La palette de Véronèse exerça sur ses contemporains une véritable fascination. Cette fascination exprimée plus tard par Tiepolo et Delacroix existe toujours.
Rappelons d’emblée que les couleurs claires ne sont pas dans la tradition vénitienne et en cela Véronèse innove et éblouit. En effet l’école vénitienne (pensons à Carpaccio, Giorgione et Titien) est une adepte de la peinture atmosphérique et/ou tonale : (Cf. : Giorgione). Véronèse s’en démarque comme il se démarque de la dramaturgie sombre de Tintoret dont il est l’antithèse par une palette claire, lumineuse et des contrastes osés (c’est San Rocco contre San Sebastiano !).

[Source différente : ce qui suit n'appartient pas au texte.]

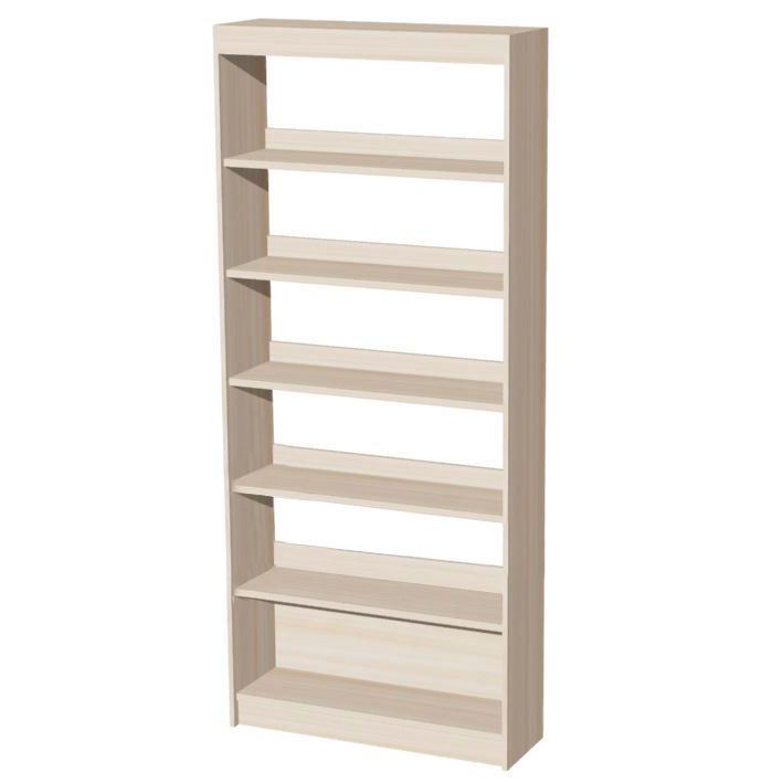 Стеллаж с цоколем украшается фризом, h 80 мм. Торцевая опора регулируется по высоте. На сквозных полках экземпляры удерживаются бортиками. Шкаф для книг выполняется из ЛДСП. Поверхности рекомендуется протирать влажной, а затем сухой тканью.

Ce que Véronèse retient du tonalisme vénitien c’est l’usage de couleurs rompues qui permettent des transitions harmonieuses. Véronèse séduit par ses couleurs qui renforcent la sensualité de ses tableaux: sensualité colorée des chairs qui vivent, respirent, des étoffes qui scintillent et des soies qui crissent par leurs zébrures enlevées et lumineuses. Véronèse pratique par ailleurs des accords dissonants même surprenants pour l’époque, ce qui fait de lui un coloriste novateur notamment par la juxtaposition de couleurs complémentaires. (Cf. : Mars et Vénus et un cheval, l’Enlèvement d’Europe cf la Belle Nani). Cette clarté de la palette s’explique par le recours aux « cangianti » c’est à dire au fait que l’ombre n’est pas représentée à l’aide de noir incorporé à la teinte que l’on veut ombrer mais en juxtaposant deux couleurs distinctes.

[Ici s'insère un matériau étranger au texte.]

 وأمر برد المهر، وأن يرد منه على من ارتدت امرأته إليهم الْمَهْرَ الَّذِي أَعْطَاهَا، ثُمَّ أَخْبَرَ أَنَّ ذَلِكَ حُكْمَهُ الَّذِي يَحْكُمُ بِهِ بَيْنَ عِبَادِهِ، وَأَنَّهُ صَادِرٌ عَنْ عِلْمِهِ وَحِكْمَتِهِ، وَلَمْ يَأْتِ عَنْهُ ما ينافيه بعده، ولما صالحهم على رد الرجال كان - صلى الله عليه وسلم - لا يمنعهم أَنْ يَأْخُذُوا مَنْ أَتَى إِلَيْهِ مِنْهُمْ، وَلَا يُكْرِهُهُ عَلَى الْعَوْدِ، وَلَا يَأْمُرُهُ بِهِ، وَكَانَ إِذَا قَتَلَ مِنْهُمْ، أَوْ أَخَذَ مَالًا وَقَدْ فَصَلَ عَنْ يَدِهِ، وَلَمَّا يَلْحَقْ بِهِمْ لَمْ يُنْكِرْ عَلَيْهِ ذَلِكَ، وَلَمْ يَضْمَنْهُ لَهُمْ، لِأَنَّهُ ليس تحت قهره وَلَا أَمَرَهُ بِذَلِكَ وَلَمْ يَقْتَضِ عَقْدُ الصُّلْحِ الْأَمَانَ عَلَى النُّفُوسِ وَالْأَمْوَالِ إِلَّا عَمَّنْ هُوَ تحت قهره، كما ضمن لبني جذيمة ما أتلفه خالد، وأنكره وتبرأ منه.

D’autre part ses ombres sont transparentes. Véronèse ne recherche pas les effets dramatiques du clair obscur (exception: La Tentation de St Antoine), il subordonne sa couleur à la suggestion de la matière et les matières, il les trouve dans cette Venise industrieuse et somptueuse (à chaque tissu sa couleur, l’orient des perles et les carnations de ses portraits).
Ce qui est cependant paradoxal c’est que Véronèse nous montre un luxe interdit à Venise mais qui est nécessaire à l’image que l’on veut donner de soi (commandes privées) et de la ville (commandes publiques).
Véronèse, véronais de formation est bien vénitien dans son œuvre par sa maîtrise du colorito !
Novateur par sa palette Véronèse dépasse Titien par la fermeté de son dessin qui exalte les formes. Véronèse transcende la querelle du disegno et du colorito et fait mentir Vasari qui reproche aux vénitiens de ne pas savoir dessiner et au fond de ne pas être des intellectuels. L’exposition du Luxembourg contredit Vasari non seulement en montrant des dessins de Véronèse mais en exposant des modelli, croquis préparatoires au tableau final ainsi qu’en montrant des œuvres où le dessin est parfaitement maîtrisé et très plastique (Cf. : brocarts) : génial !
Lucrèce
L’énergie des tableaux de Véronèse vient en partie des compositions fondées sur l’organisation de groupes compacts dans lesquels la varietas qui est une caractéristique de son esthétique permet l’exaltation des couleurs et de leurs complémentaires, le vêtement prend part à l’action qui renforce le drame : cf Suzanne et les vieillards et l’Enlèvement d’Europe.
Véronèse en peintre qui maîtrise la composition classique recourt à la composition pyramidale, centralisée mais il l’intègre dans une véritable scénographie: il reprend et réactualise le principe de la frise pratiquée par Carpaccio mais sur fond d’architecture antique conformément aux valeurs de l’humanisme en vogue (surtout celui de Daniele Barbaro fin connaisseur de Vitruve et rappelons le, mécéne de Véronèse). Il multiplie les points de fuite.
Ses scènes intègrent deux moments distincts dans un déploiement panoramique assez théâtral: c’est voulu, il faut créer quelque chose d’extraordinaire, d’intemporel comme quand on installe des décors éphémères dans les villes dans lesquelles évoluent les gens en costume contemporains.
La présence récurrente de l’architecture dans la peinture de Véronèse a pour but de renforcer la dimension respectable ou noble des personnages représentés mais aussi, insidieusement, véhicule une image somptueuse de Venise.